1. The utility model provides a wiFi TV realization device based on coaxial cable carries out coverage on a large scale, is used for covering television equipment on a large scale, and is characterized by including first converter, second converter and coaxial cable, the transceiver antenna of first converter with wireless router communication connection and the first coaxial end of first converter with the one end electric connection of coaxial cable, the second coaxial end of second converter with the other end electric connection of coaxial cable and the transceiver antenna of second converter and television equipment communication connection, wherein:

the first converter comprises a first branch, a first receiving signal branch, a first transmitting signal branch and a fourth branch, the first receiving signal branch and the first transmitting signal branch are respectively connected between the first branch and the fourth branch, one end, far away from the fourth branch, of the first branch is connected with a receiving and transmitting antenna, and one end, far away from the first branch, of the fourth branch is connected with a first coaxial end;

2. The apparatus of claim 1, wherein the first receiving signal branch is connected to the second transmitting signal branch, and wherein:

3. The apparatus according to claim 2, wherein the second receiving signal branch is connected to the first transmitting signal branch, and wherein:

4. The device of claim 3, wherein the first converter and the second converter each comprise a conversion chip U1 and a power chip U9, and the conversion chip U1 is electrically connected to the power chip U9.

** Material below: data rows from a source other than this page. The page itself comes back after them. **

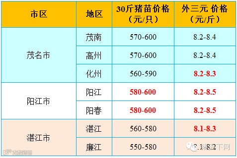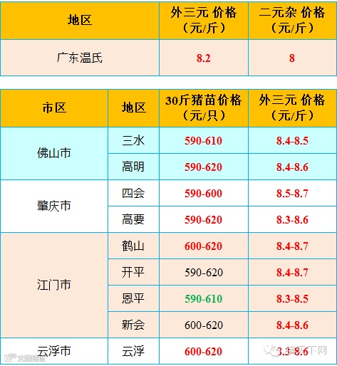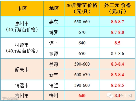 有红绿颜色部分是相对昨天有所变动的猪价;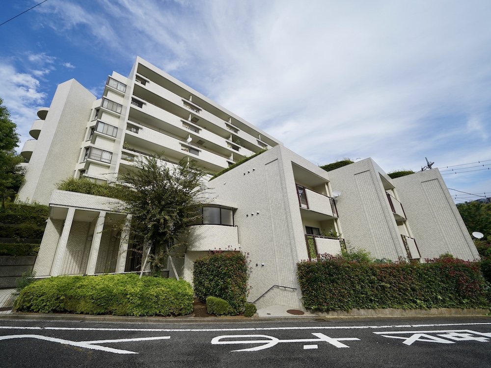 真っ白のタイルが印象的な、1980年代のヴィンテージマンション。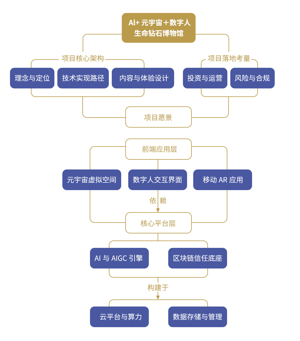 "AI+元宇宙+数字人+生命钻石博物馆"项目,构建全球首个以"生命永恒·数字永生“为主题的下一代情感传承平台。我们不仅展示生命钻石,更致力于运用前沿数字技术,封存、演绎并传承其背后独一无二的情感、记忆与文化,构建一个线上线下融合的、持续演化的“情感宇宙"。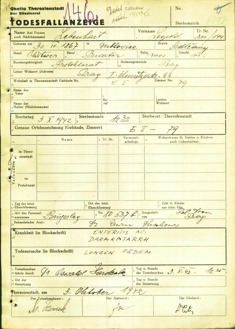 Lebenhart Leopold: Todesfallanzeige, Ghetto Theresienstadt
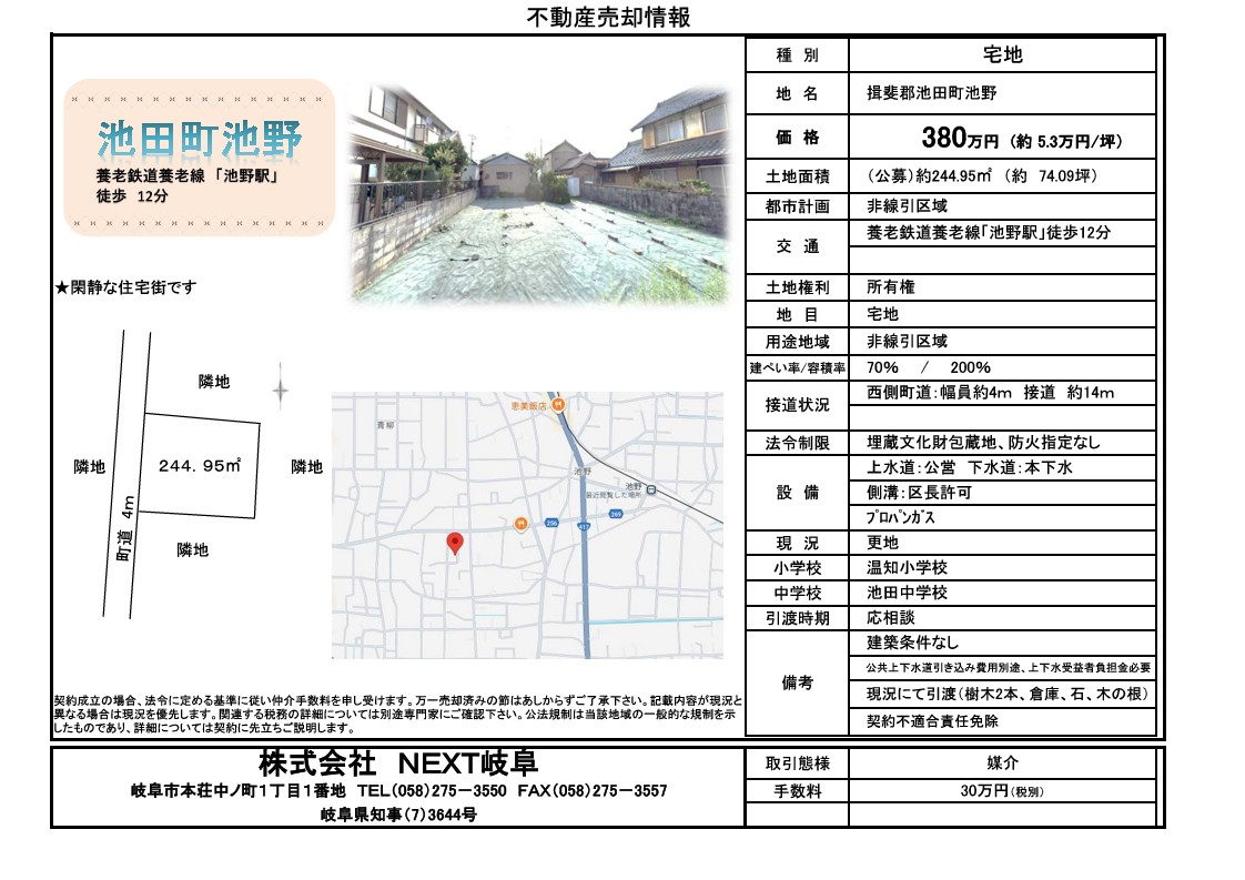 ★池田町池野 土地情報★ 約74坪 380万円
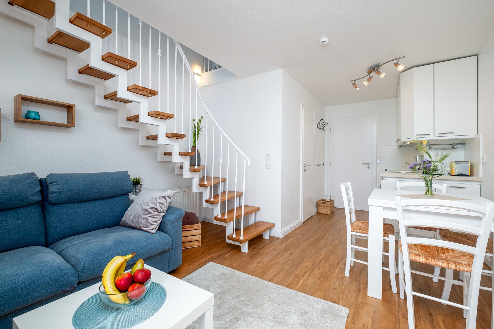 Die Ferienwohnung geht über 2 Ebenen. Im Erdgeschoss erwartet Sie das Wohnzimmer mit hochwertiger Couchgarnitur, großem Flatscreen-TV mit Kabelanschluss und gemütlichem Essbereich für vier Personen.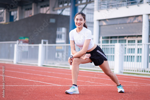 A young beautiful Asian woman in sports outfits doing stretching before workout outdoor in the park in the morning to get a healthy lifestyle. Healthy young woman warming up outdoors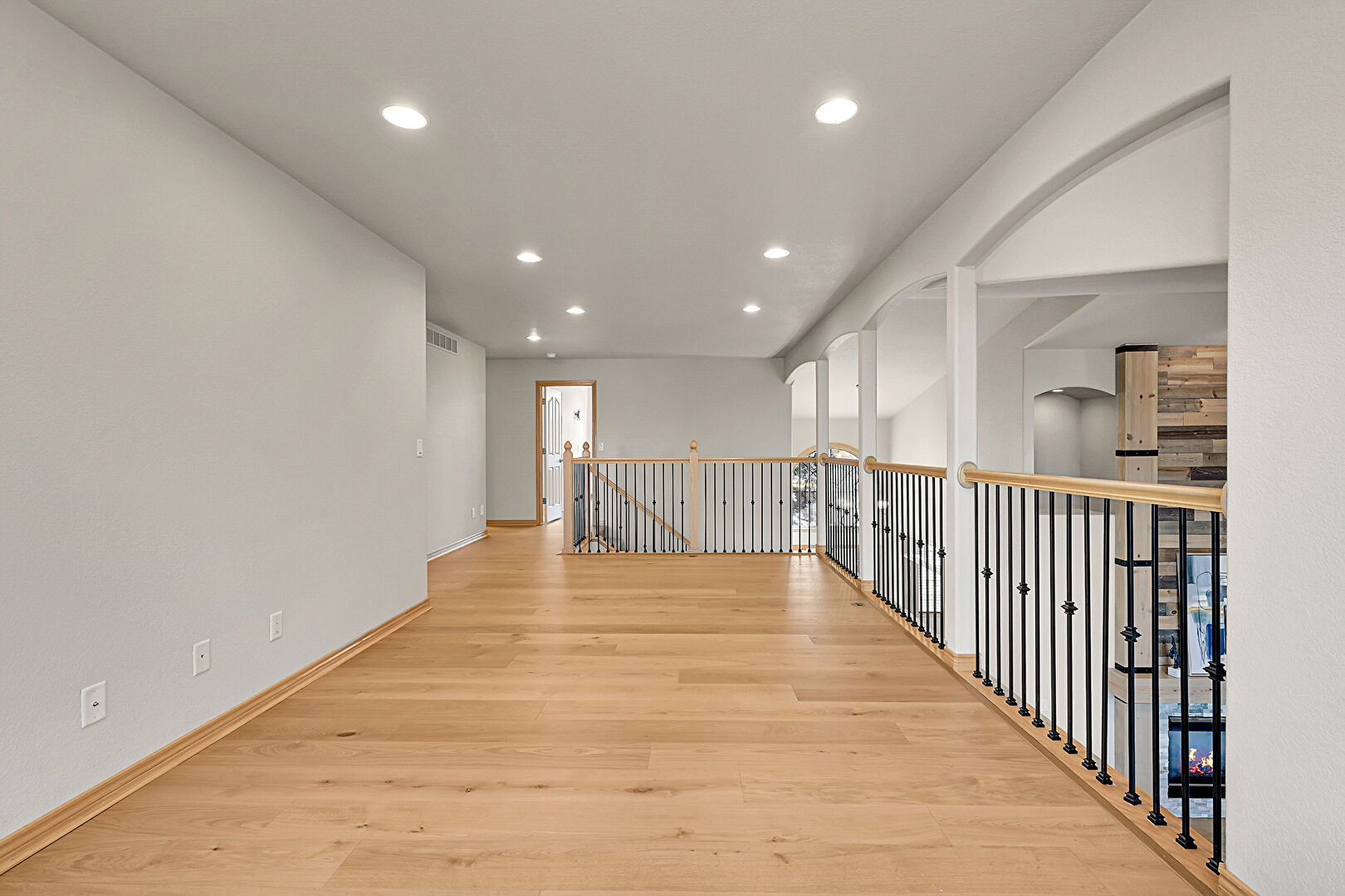 Baseboards Wall, Drywall, Loft, Natural Light, Recessed Lighting, Smoke Carbon Monoxide Detector, Upstairs Landing, Vent, Wood Finish Floor, Baseboards Wall, Wood Finish Floor

5. The device according to claim 4, wherein 28 pins of the converting chip U1 are electrically connected to 3 pins of a transformer T1 through a capacitor C5, 29 pins of the converting chip U1 are electrically connected to 1 pin of the transformer T1 through a capacitor C4, a resistor R1 is connected between 4 pins and 6 pins of the transformer T1, and 4 pins of the transformer T1 are electrically connected to a connector J6 through a capacitor C1;

the 11 pins of the conversion chip U1 are electrically connected with the 3 pins of the transformer T2 through a capacitor C33, the 12 pins of the conversion chip U1 are electrically connected with the 1 pin of the transformer T2 through a capacitor C34, a resistor R30 is connected between the 4 pins and the 6 pins of the transformer T1, and the 4 pins of the transformer T2 are electrically connected with the connector J5 through a capacitor C17.